*RECORD EXTRACTS:*
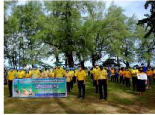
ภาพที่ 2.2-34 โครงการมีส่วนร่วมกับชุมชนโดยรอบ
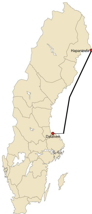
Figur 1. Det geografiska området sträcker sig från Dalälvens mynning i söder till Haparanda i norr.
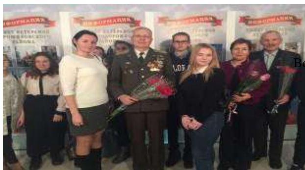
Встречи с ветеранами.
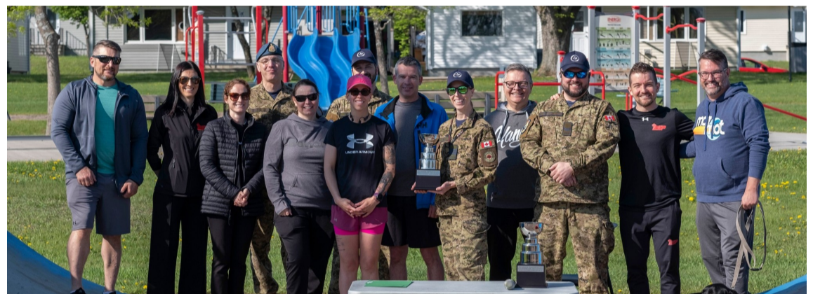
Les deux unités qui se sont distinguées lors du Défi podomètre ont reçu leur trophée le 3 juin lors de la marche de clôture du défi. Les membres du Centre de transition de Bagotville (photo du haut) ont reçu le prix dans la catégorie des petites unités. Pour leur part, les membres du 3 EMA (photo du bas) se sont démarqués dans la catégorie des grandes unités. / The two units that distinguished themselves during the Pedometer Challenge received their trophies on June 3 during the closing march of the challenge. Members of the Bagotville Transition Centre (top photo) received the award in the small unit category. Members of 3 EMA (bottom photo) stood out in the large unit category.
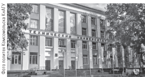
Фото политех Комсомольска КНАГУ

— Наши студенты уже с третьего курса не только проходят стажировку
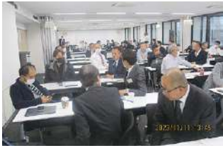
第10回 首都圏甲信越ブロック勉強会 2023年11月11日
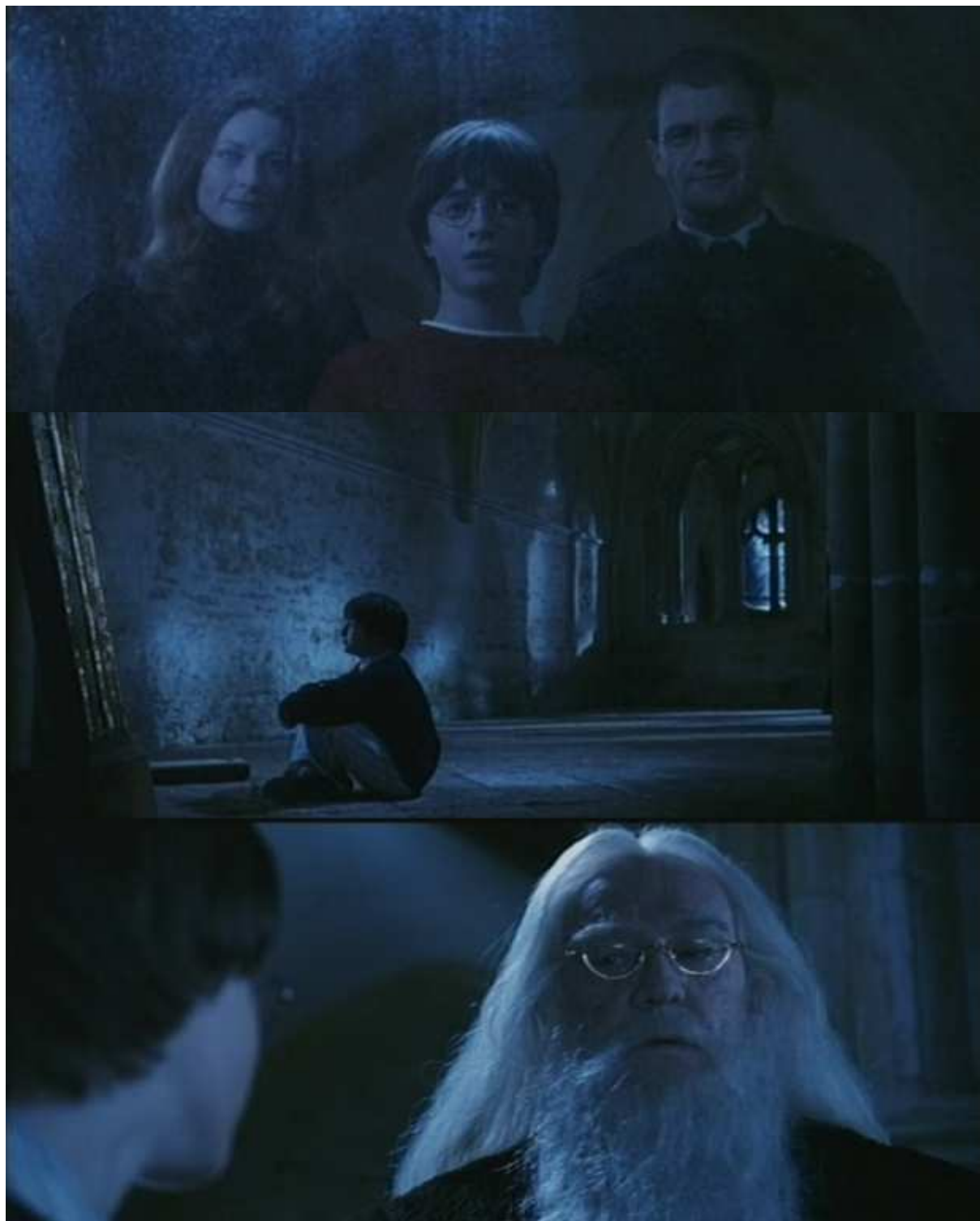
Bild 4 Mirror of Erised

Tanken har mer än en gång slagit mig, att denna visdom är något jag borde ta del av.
==
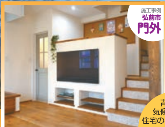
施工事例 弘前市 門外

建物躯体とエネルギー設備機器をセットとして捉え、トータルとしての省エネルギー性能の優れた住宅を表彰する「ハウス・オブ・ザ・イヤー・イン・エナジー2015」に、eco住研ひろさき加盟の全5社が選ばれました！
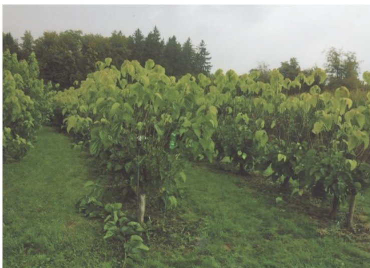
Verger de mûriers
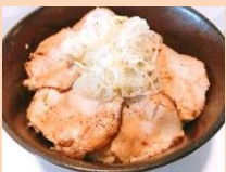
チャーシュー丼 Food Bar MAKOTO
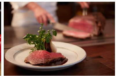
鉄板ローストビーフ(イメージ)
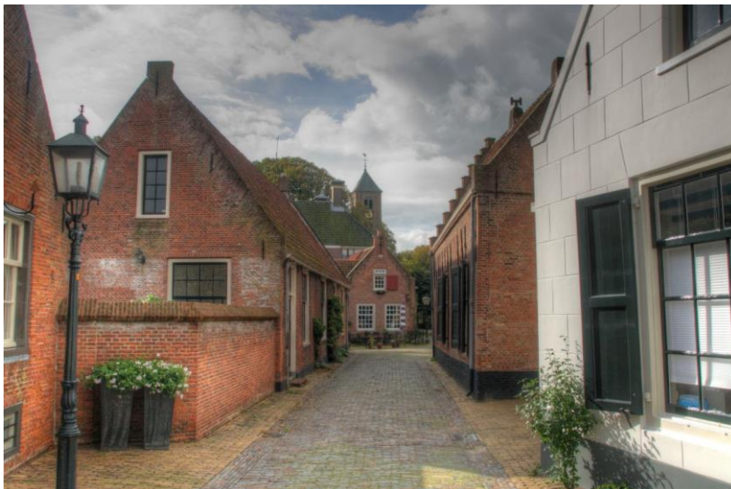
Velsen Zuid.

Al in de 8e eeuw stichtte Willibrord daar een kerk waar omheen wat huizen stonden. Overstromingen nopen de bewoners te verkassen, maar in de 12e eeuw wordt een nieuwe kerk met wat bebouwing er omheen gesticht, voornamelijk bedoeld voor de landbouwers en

*INSTRUCTIONS TO FOLLOW:*
Leaving out all pictures, set down exactly the lines of the material above, from the line with "только проходят стажировку" to the line with "Tanken har mer" inclusive, and no others.

*EXPECTED OUTPUT:*
— Наши студенты уже с третьего курса не только проходят стажировку
第10回 首都圏甲信越ブロック勉強会 2023年11月11日
Bild 4 Mirror of Erised

Tanken har mer än en gång slagit mig, att denna visdom är något jag borde ta del av.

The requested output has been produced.